Provided material -
──────────────────────────────
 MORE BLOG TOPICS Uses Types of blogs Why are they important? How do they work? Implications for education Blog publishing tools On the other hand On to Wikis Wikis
──────────────────────────────
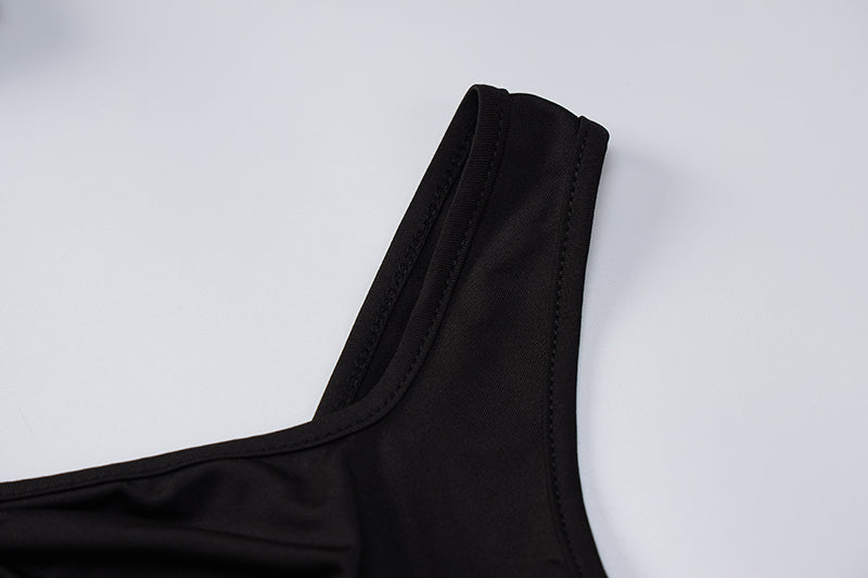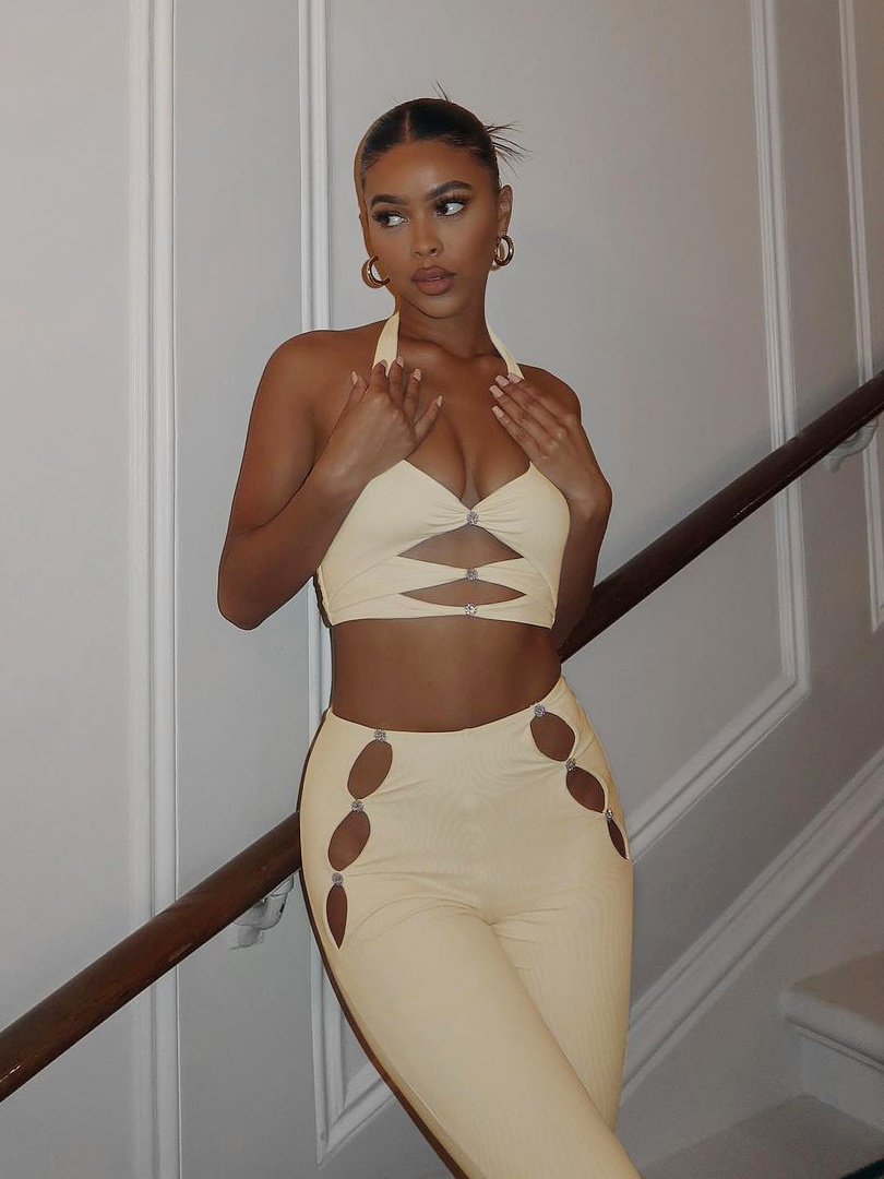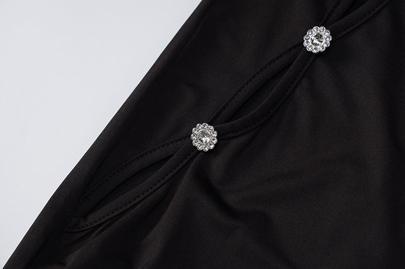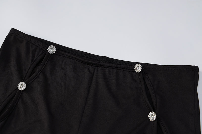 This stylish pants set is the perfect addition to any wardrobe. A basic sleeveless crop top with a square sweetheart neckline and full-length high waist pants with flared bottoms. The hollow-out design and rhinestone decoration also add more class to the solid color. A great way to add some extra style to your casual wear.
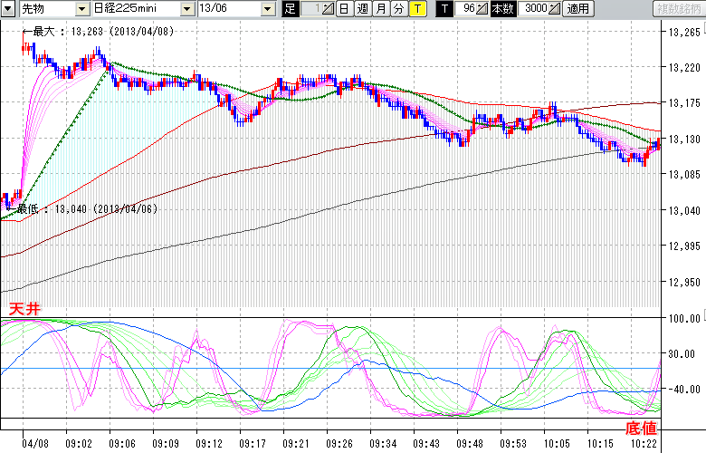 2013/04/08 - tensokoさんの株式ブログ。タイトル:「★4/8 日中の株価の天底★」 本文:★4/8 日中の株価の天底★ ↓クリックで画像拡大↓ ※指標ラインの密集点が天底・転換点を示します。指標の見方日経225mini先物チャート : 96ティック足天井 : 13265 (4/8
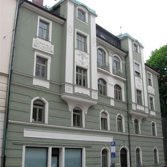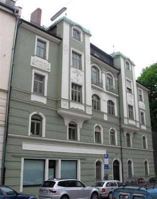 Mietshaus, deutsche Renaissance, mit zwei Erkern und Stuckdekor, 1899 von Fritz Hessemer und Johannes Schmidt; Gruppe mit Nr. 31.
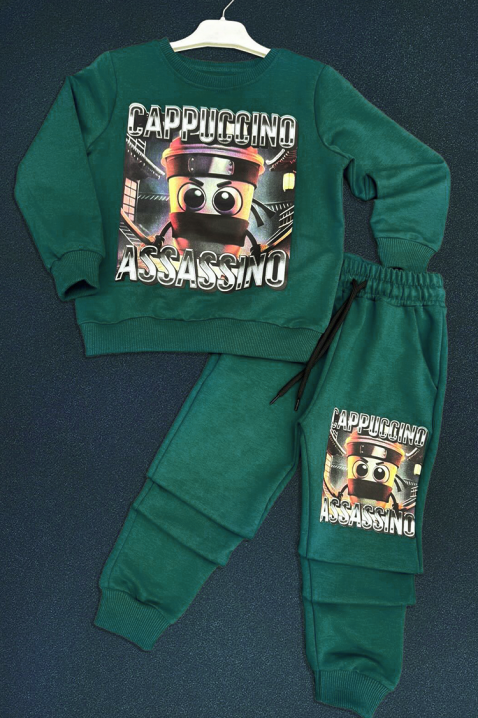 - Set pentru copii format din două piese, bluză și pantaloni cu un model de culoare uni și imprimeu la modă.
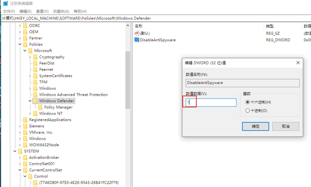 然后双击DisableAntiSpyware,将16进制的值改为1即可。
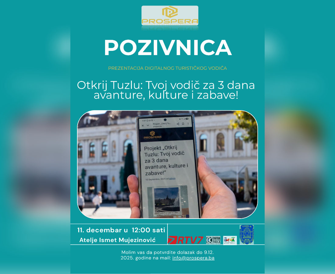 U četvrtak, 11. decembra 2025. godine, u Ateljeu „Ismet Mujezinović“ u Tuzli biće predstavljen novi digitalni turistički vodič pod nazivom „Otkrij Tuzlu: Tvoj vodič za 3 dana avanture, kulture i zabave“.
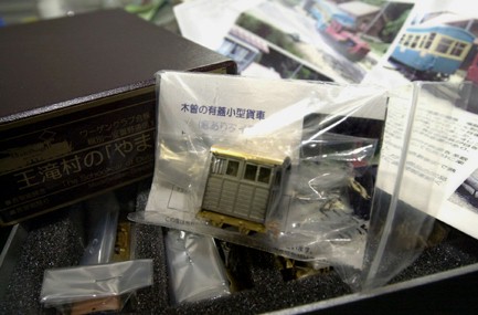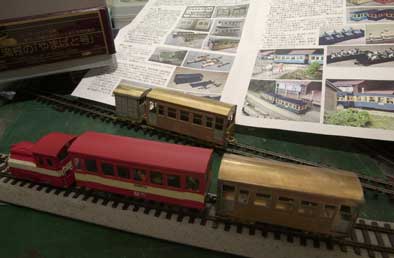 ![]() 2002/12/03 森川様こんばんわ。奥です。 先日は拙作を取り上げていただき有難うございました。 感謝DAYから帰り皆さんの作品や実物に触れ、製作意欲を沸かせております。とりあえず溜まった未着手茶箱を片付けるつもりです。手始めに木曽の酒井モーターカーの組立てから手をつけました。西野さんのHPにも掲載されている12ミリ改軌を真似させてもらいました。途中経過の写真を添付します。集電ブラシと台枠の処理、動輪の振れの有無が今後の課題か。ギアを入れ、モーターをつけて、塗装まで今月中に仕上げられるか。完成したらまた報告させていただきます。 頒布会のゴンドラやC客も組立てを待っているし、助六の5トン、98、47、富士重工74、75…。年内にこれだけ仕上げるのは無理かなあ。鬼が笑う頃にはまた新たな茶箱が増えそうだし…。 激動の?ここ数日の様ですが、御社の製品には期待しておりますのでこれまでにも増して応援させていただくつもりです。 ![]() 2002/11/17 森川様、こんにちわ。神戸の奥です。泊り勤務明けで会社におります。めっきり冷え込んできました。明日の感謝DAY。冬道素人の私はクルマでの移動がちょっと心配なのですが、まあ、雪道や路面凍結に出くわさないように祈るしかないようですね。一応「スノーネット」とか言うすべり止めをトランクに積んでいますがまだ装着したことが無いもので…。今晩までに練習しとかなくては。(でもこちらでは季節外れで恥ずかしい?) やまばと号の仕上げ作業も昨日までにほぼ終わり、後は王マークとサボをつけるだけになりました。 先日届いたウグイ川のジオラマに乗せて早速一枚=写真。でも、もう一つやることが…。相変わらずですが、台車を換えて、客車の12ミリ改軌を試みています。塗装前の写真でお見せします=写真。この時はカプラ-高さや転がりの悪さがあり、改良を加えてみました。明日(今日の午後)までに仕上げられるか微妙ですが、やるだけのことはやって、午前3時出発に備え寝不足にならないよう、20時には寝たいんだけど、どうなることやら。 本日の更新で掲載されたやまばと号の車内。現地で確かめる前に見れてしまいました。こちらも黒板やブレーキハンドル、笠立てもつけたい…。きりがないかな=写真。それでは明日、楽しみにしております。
──────────────────────────────
Problem details - Only one stretch of the material above is wanted: the line containing "然后双击DisableAntiSpyware,将16进制的值改为1即可。" through the line containing "U četvrtak, 11.". Restate it word for word, minus the pictures.

Task answer -
 然后双击DisableAntiSpyware,将16进制的值改为1即可。
 U četvrtak, 11. decembra 2025. godine, u Ateljeu „Ismet Mujezinović“ u Tuzli biće predstavljen novi digitalni turistički vodič pod nazivom „Otkrij Tuzlu: Tvoj vodič za 3 dana avanture, kulture i zabave“.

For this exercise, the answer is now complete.